Ednacot claims that because the taxes were employer (not employee) taxes and because she does not know whether Mesa actually paid the taxes to the IRS, she has no remedy from the IRS. But we rejected this argument in Berera, 779 F.3d at 363. The IRS could refund to Ednacot any wrongfully withheld employer FICA or FUTA taxes and then pursue ’Mesa to recover the money. See id. Ednacot is therefore not without a remedy. Section 7422 was designed to funnel claims like Ednacot’s through the administrative ma*640chinery of the IRS rather than piecemeal through individual state and federal lawsuits. See Mejia v. Verizon Mgmt. Pension Plan, No. 11-C-3949, 2012 WL 1565336, at *8 (N.D.Ill. May 2, 2012).
As we did in Berera III, 779 F.3d at 360 n. 10, we modify the judgment against Ednacot from a dismissal with prejudice to a dismissal without prejudice.
AFFIRMED.

. FICA is the Federal Insurance Contribution Act, see 26 U.S.C. §§ 3101-3128. FUTA is the Federal Unemployment Tax Act, see 26 U.S.C. §§ 3301-3311.
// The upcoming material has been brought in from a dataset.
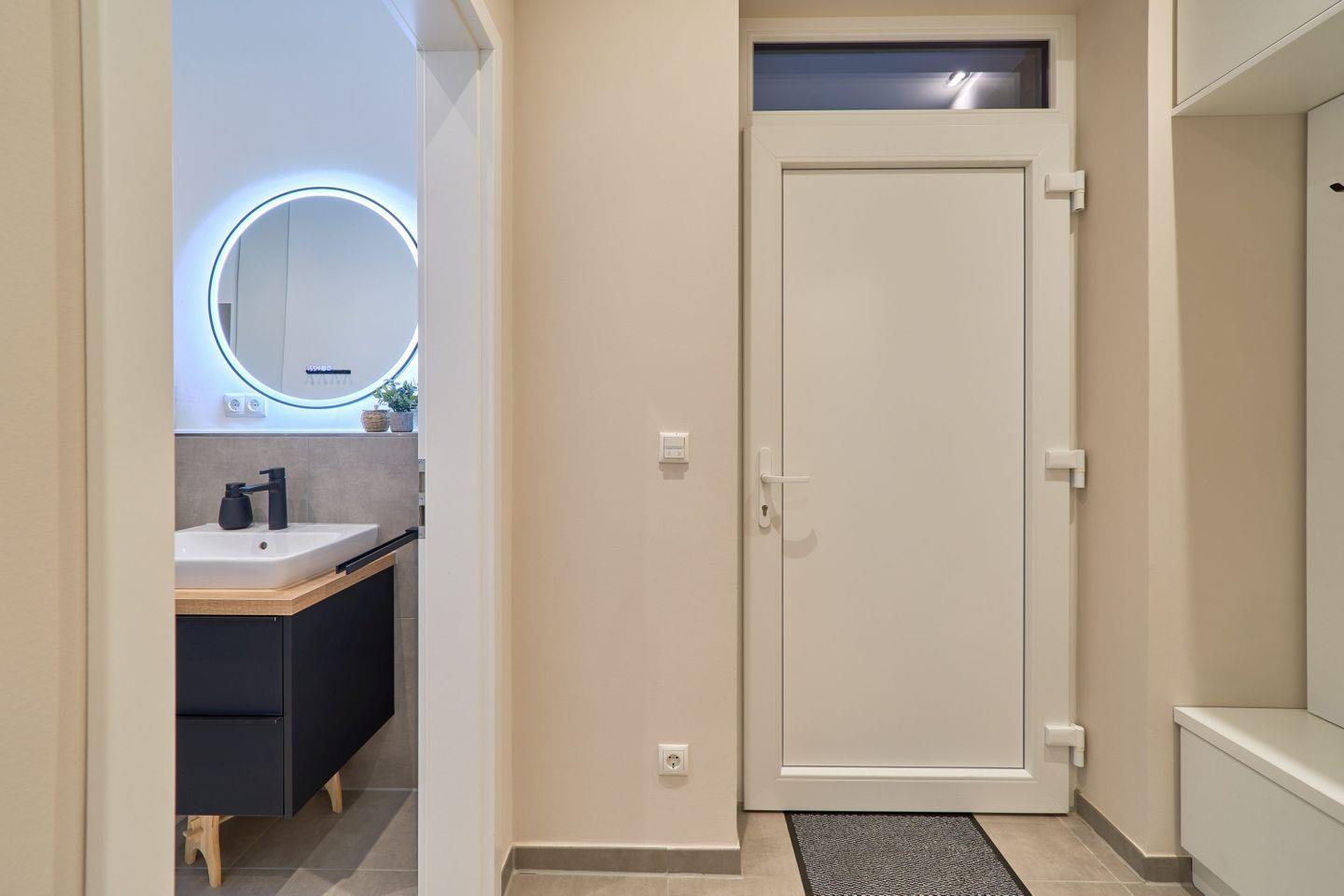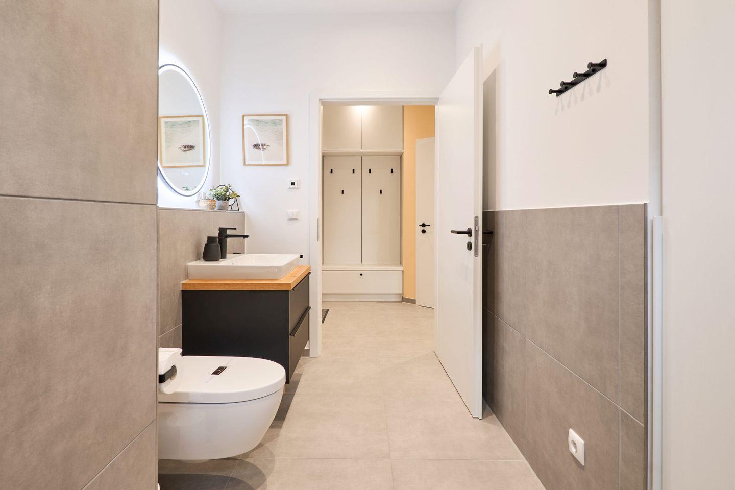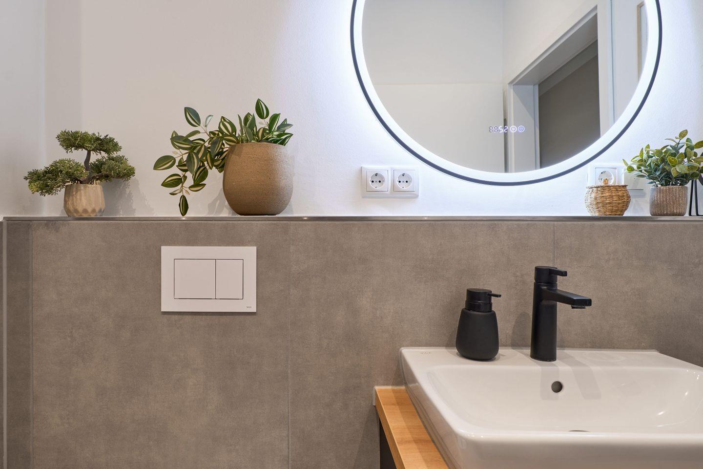 Das Badezimmer ist modern in neutralen Naturtönen gestaltet und besticht mit einem beleuchteten Spiegel samt Spiegelheizung – ein echtes Highlight für das tägliche Frischegefühl. Ein Föhn ist ebenfalls vorhanden.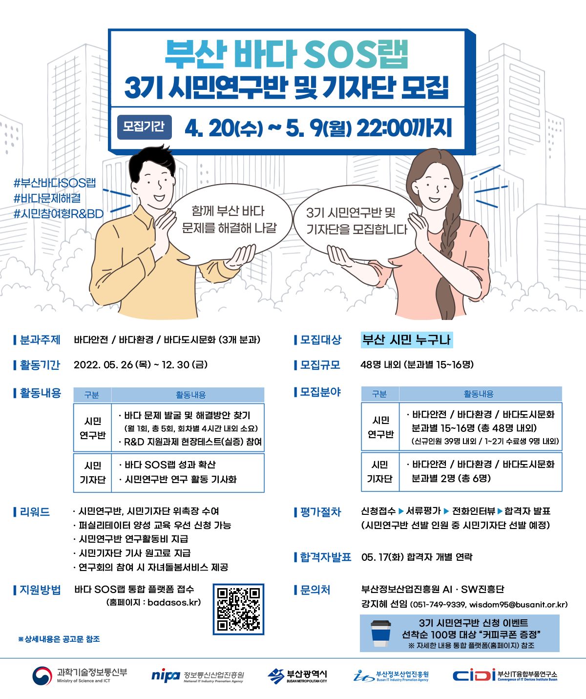 부산바다SOS랩 3기 시민연구반 및 기자단 모집

. Ednacot characterized her action as one for breach of contract, conversion, fraud, fraud in the inducement, and a violation of Ky.Rev. Stat. § 337.385 (establishing employer liability for unpaid wages).

. On April 10, 2014, around the same time Ednacot moved to remand her action to the state court, the Berera/Ednacot attorneys filed a third lawsuit against Mesa, Wagner v. Team Holdings, Inc., No. 5:14-cv-176-JMH, 2014 WL 3586265 (E.D.Ky. July 21, 2014), naming Team Holdings, a company of which Mesa is a subsidiary. This case was also removed to federal court. However, Wagner’s complaint was substantively different from Berera’s and Ednacot’s, and the court found no federal cause of action. See id. at *3 ("[T]he filings before this Court make clear that Plaintiff is only attempting to recover damages after a contract addendum Defendant presented to Plaintiff and other former Mesa employees on March 24, 2014.... Essentially, all of Plaintiffs claims seek to recover for a breach of contract.”).